Toda a igreja ficou muda e paralisada. Miguel apenas olhava o chão, triste e temeroso.

_Como se atreve a me criticar sua insolente? - O padre parecia muito ofendido.

_Mil perdões reverendo. Eu darei uma surra nessa menina assim que chegarmos em casa. Eu pagarei penitência por ela. Perdoe-nos por favor. - A mãe de Catarina apressou-se a agarrar a filha e sair arrastando-a para fora da igreja, enquanto se desculpava com o padre.

Ao chegarem em casa. A mãe de Catarina olhou-a transtornada. Parecia enlouquecida.
Então deu uma bofetada no rosto de sua filha.

_O que eu fiz, mamãe?

_Minha filha, não se meta com padres, eles podem mandar te prender, podem tirar tudo que temos, podem até mandar nos matar. Não faça mais isso, filha minha. - Sua mãe começou a chorar e a abraçou.

Se não fosse pela bofetada e pelo desespero de sua mãe, Catarina iria redargüir. Aquilo era um absurdo. Padres mandando matar pessoas?

No seu aniversário de 15 anos, Catarina foi homenageada com uma linda festa na qual compareceram todos os vizinhos e amigos de infância. Sua mãe mandou matar um boi e três carneiros. Foram servidos pães temperados e vinho à vontade. À noite um violeiro foi contratado para entreter os convivas, e senhoras das cercanias improvisaram uma dança típica com castanholas. Tudo isso ao ar livre, sob a luz de fogueiras e do brilho da lua cheia. O tempo estava ameno e o odor de oliveiras impregnava o ambiente. Catarina divertiu-se muito.

Infelizmente Miguel não pudera comparecer. Um tio distante estava adoentado, e pedira que a família enviasse seu sobrinho rapagão, para ajudá-lo em seu trabalho. Na hora da partida despediram-se chorando, abraçados como amigos inseparáveis que eram. Atualmente só se beijavam às escondidas, com medo de "padres".

Catarina crescia sob o olhar carinhoso e severo de sua mãe. Era uma linda mocinha loira, magra e esbelta. Era naturalmente graciosa e curiosa. Aprendia rápido e gostava de ser solícita. Tinha um bom coração e vivia o tempo todo sorrindo, hábito que adquirira com Miguel, seu eterno namorado. Sua mãe ensinara-lhe as lides domésticas que todas as mocinhas devem saber tais como bordar, fiar, tecer, pintar, costurar, cozinhar, curtir couro, produzir sabão, confeccionar objetos a partir de materiais naturais, como ossos, pedras, madeira. Cultivar hortaliças e frutas, criar animais domésticos para consumo próprio, tocar viola e cantar.

Era uma moça muito prendada. Só tinha uma coisa que ela não gostava de fazer: ir à igreja. Mas ela aprendera que aquele era um mal necessário.

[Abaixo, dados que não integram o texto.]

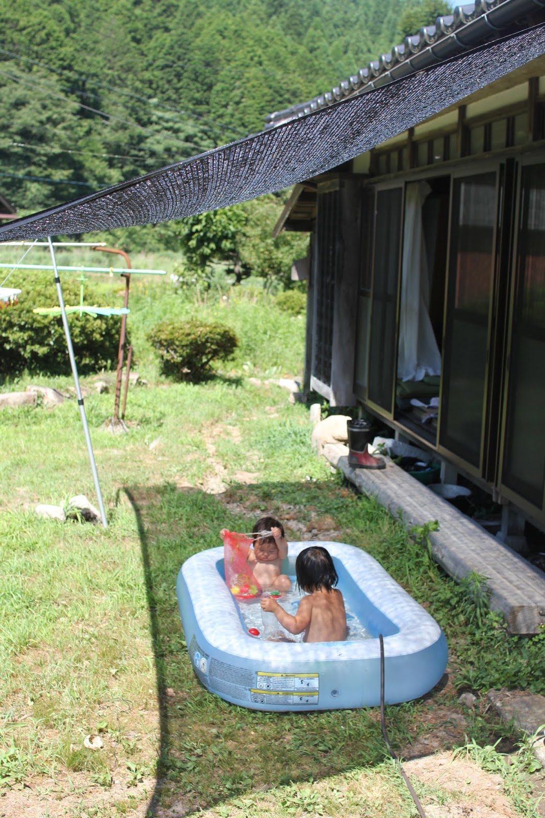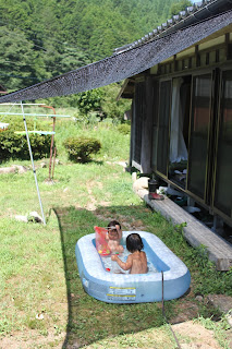 我が家にはクーラーがありませんので、日中暑いと近くの川へ遊びに行ったり、庭にプールを出して涼みます。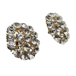 VINTAGE LARGE ROUND GOLDTONED & WHITE RHINESTONES CLIP ON STATEMENT EARRINGS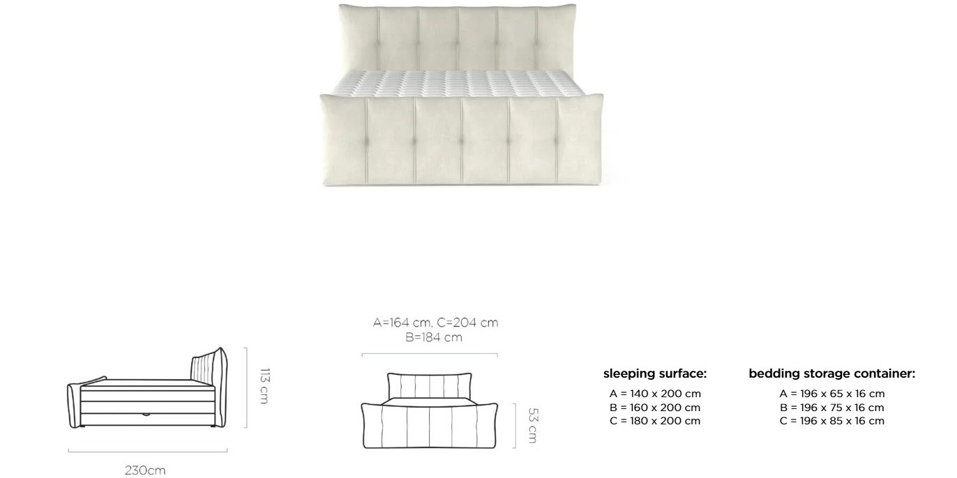 Dostupná ve třech rozměrových šířkách: A-140x200 cm / B-160x200 cm / C-180x200 cm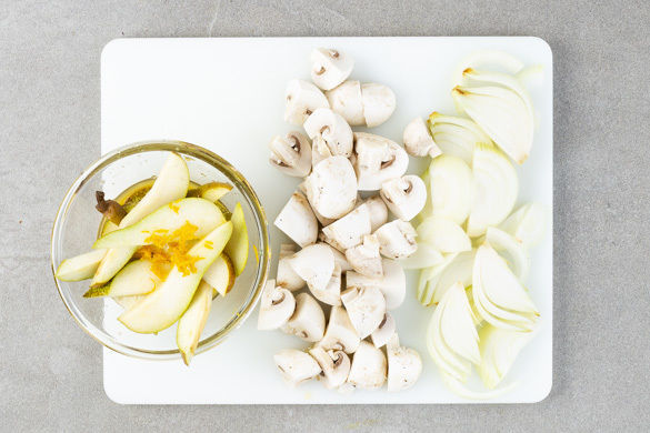 Die Birne vierteln, vom Kerngehäuse befreien und der Länge nach in ca. 0,5cm breite Spalten schneiden. Mit dem Orangensaft und 1TL -abrieb vermengen und beiseitestellen. Die Pilze ggf. mit etwas Küchenkrepp oder einer Bürste säubern und vierteln. Die Zwiebel schälen, halbieren und in ca. 0,5cm breite Streifen schneiden.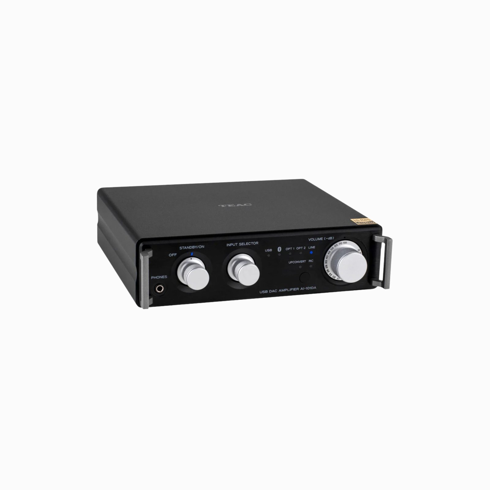 The AI-101DA’s bible-sized body made of aluminum enables a convertible layout, horizontal or vertical, while TEAC’s iconic side guard bars give a professional finish. As users’ demands for high-quality headphone listening increase, TEAC have responded by including 100mW + 100mW of headphone output in the AI-101DA main unit to enable it to drive a wider range of headphones, including high impedance models.

Enquanto lia na bíblia que Jesus era amor, aprendia que na realidade os padres eram terríveis, tendo o poder de vida ou morte sobre as pessoas. Ela precisava ir à igreja para não ser vista como inimiga.

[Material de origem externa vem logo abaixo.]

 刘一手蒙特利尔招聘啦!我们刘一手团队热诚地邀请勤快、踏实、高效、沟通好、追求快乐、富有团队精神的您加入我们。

A pequena Navarro era muito amada e elogiada na sua comunidade. Ela gostava de visitar os vizinhos, dando preferência para os necessitados e velhinhos, aos quais fazia pequenos favores como limpar suas casas, preparar-lhes o almoço, cuidar de seus animais e tratá-los quando estavam doentes. Não havia médicos por aquelas bandas. Mesmo se houvessem, somente nobres ou religiosos poderiam pagar por seus serviços. Então aquelas pessoas apelavam para os conhecimentos ancestrais, que eram passados de pai para filho, sobre o tratamento de doenças.

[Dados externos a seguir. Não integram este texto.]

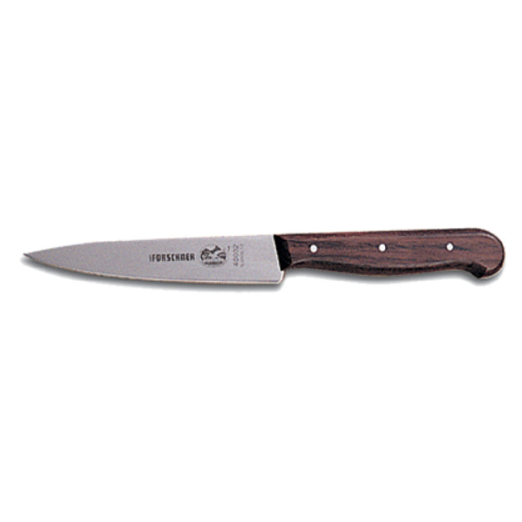 The JB Prince V815 Victorinox Kitchen Knife 4-3/4" Straight is a precision-crafted culinary instrument, designed to meet the high standards of professional chefs and cooking enthusiasts alike. This knife features a 4-3/4" straight blade, meticulously stamped from high carbon stainless steel, providing exceptional sharpness and durability through numerous cutting tasks. Renowned for its manufacturing excellence, this kitchen knife is made in Switzerland, a country synonymous with quality craftsmanship in cutlery. The rosewood handle not only offers an elegant aesthetic but also ensures a comfortable grip for extended use in busy kitchen environments. Exclusively available for sale in the US, this knife stands out for its unique blend of tradition and innovation, appealing to culinary experts in both domestic and professional settings. The JB Prince V815 Victorinox Kitchen Knife is ideal for those who value precision and reliability, making it a favored choice among chefs in various segments of the food industry, including restaurants, catering businesses, and home kitchens. Its high carbon composition ensures long-lasting sharpness, while the ergonomic design supports effortless handling, setting a standard in culinary tools for its superior functionality and timeless design.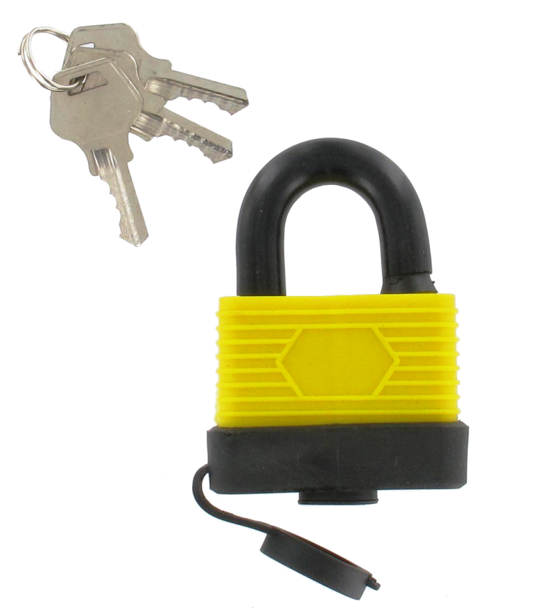 Sprutsäker 40 mm hänglås med reptålig plastbeläggning på kroppen och haspen. Nyckelhålet skyddas av en avtagbar gummipropp. Inkluderar 3 nycklar. Fryser inte och oxiderar inte lika lätt som vanliga hänglås. Passar för båtar, stugor, förråd, cyklar, mopeder och motorcyklar samt andra fuktutdragna platser.

Ninguém sabia de onde vinha aquele conhecimento, sabiam apenas que funcionava. Por isso freqüentemente Catarina via-se catando calangos nos descampados, apanhando folhas de mandrágora, colecionando teias de aranhas, e arrancando fígados de bacalhaus, para fazer seus remédios. Todos faziam isso e todos toleravam isso.

Todos viviam felizes e em paz. Somente vê maldade nos outros quem a guarda no coração.